Transcribe the listing exactly; drop the images.

- **Extracted records**
++++++++++

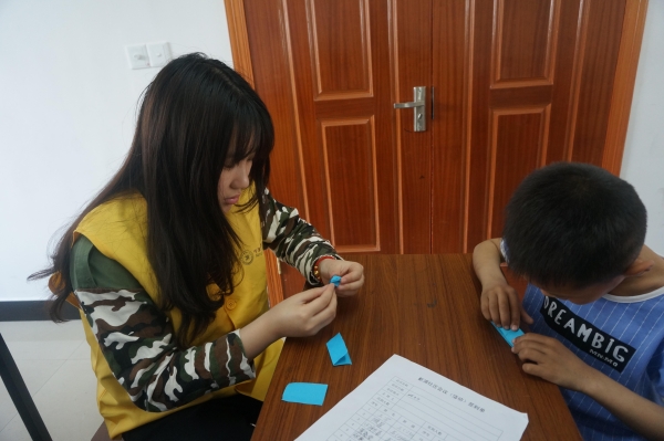 像往常一样,志愿者们分成两组,分别在楼上楼下的两个教室里,和小朋友们学习与互动。第一节课开始,楼下小朋友比较多,大家基本都围坐在大桌子旁边,而两个志愿者则坐在小朋友们中间,为他们答疑解惑,小朋友们更是非常积极地向小老师们提问求解。楼上的教室比较小,小孩子也相对较少,不过学习氛围丝毫不减一楼。志愿者刚为一个小朋友解答完,就被另一个小朋友呼唤着去解惑了。忙碌的同时感受到的满是孩子们对学习的渴望与求真。
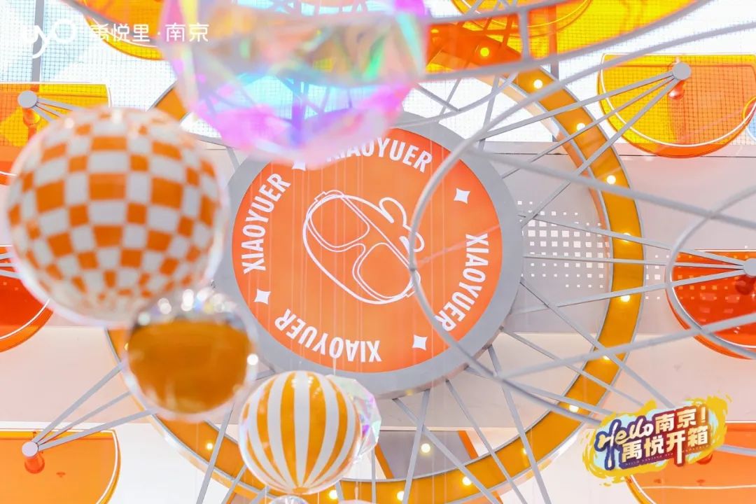 南京禹悅里開業(yè)沿用禮品盒的概念,以“hello南京 禹悅開箱”為主題,將驚喜層層揭秘。來到主入口,大型氣模IP小禹兒躍入眼簾,坐在摩天輪前遠(yuǎn)眺鐵心橋的車水馬龍。夜間光影流動,摩天輪緩緩轉(zhuǎn)動,閃爍的霓虹點亮街頭,讓這片成熟的社區(qū)再次煥發(fā)出摩登與活力。
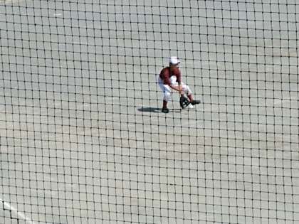 一つ一つの動きを確認しながら、守備練習を頑張っています。
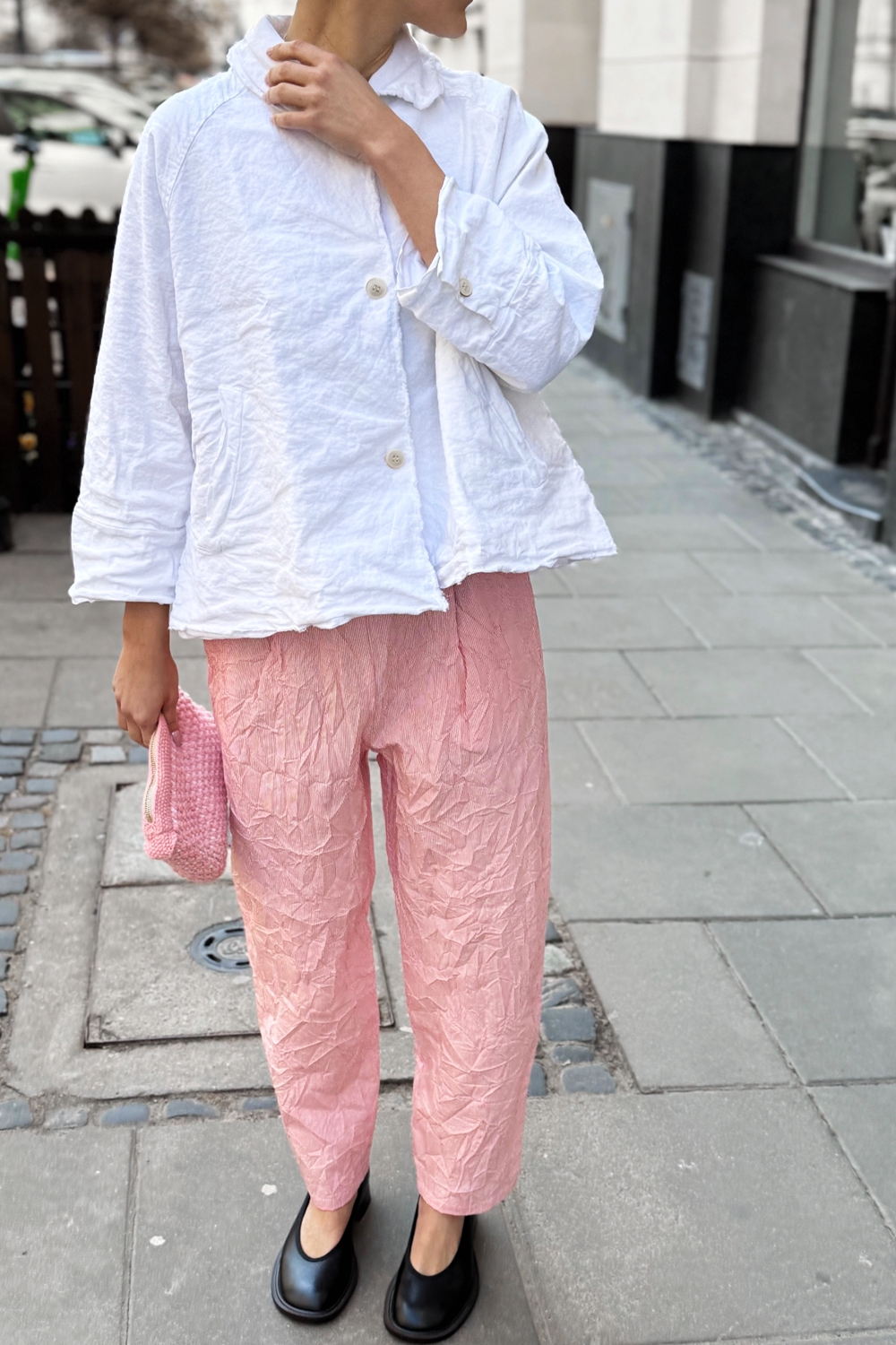Tkanina: 59% BAWEŁNA, 29% LEN, 9% MTF, 4% ELASTYN
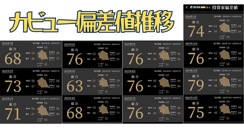 まずは、この「成績表」を見てくれ。 カビュウは、全ユーザーのデータを比較し、俺のパフォーマンスを「偏差値」として算出してくれる。 学校のテストと同じだ。50が平均、60で優秀、70なら天才。

++++++++++

- **Solution to the exercise**
 像往常一样,志愿者们分成两组,分别在楼上楼下的两个教室里,和小朋友们学习与互动。第一节课开始,楼下小朋友比较多,大家基本都围坐在大桌子旁边,而两个志愿者则坐在小朋友们中间,为他们答疑解惑,小朋友们更是非常积极地向小老师们提问求解。楼上的教室比较小,小孩子也相对较少,不过学习氛围丝毫不减一楼。志愿者刚为一个小朋友解答完,就被另一个小朋友呼唤着去解惑了。忙碌的同时感受到的满是孩子们对学习的渴望与求真。
 南京禹悅里開業(yè)沿用禮品盒的概念,以“hello南京 禹悅開箱”為主題,將驚喜層層揭秘。來到主入口,大型氣模IP小禹兒躍入眼簾,坐在摩天輪前遠(yuǎn)眺鐵心橋的車水馬龍。夜間光影流動,摩天輪緩緩轉(zhuǎn)動,閃爍的霓虹點亮街頭,讓這片成熟的社區(qū)再次煥發(fā)出摩登與活力。
 一つ一つの動きを確認しながら、守備練習を頑張っています。
Tkanina: 59% BAWEŁNA, 29% LEN, 9% MTF, 4% ELASTYN
 まずは、この「成績表」を見てくれ。 カビュウは、全ユーザーのデータを比較し、俺のパフォーマンスを「偏差値」として算出してくれる。 学校のテストと同じだ。50が平均、60で優秀、70なら天才。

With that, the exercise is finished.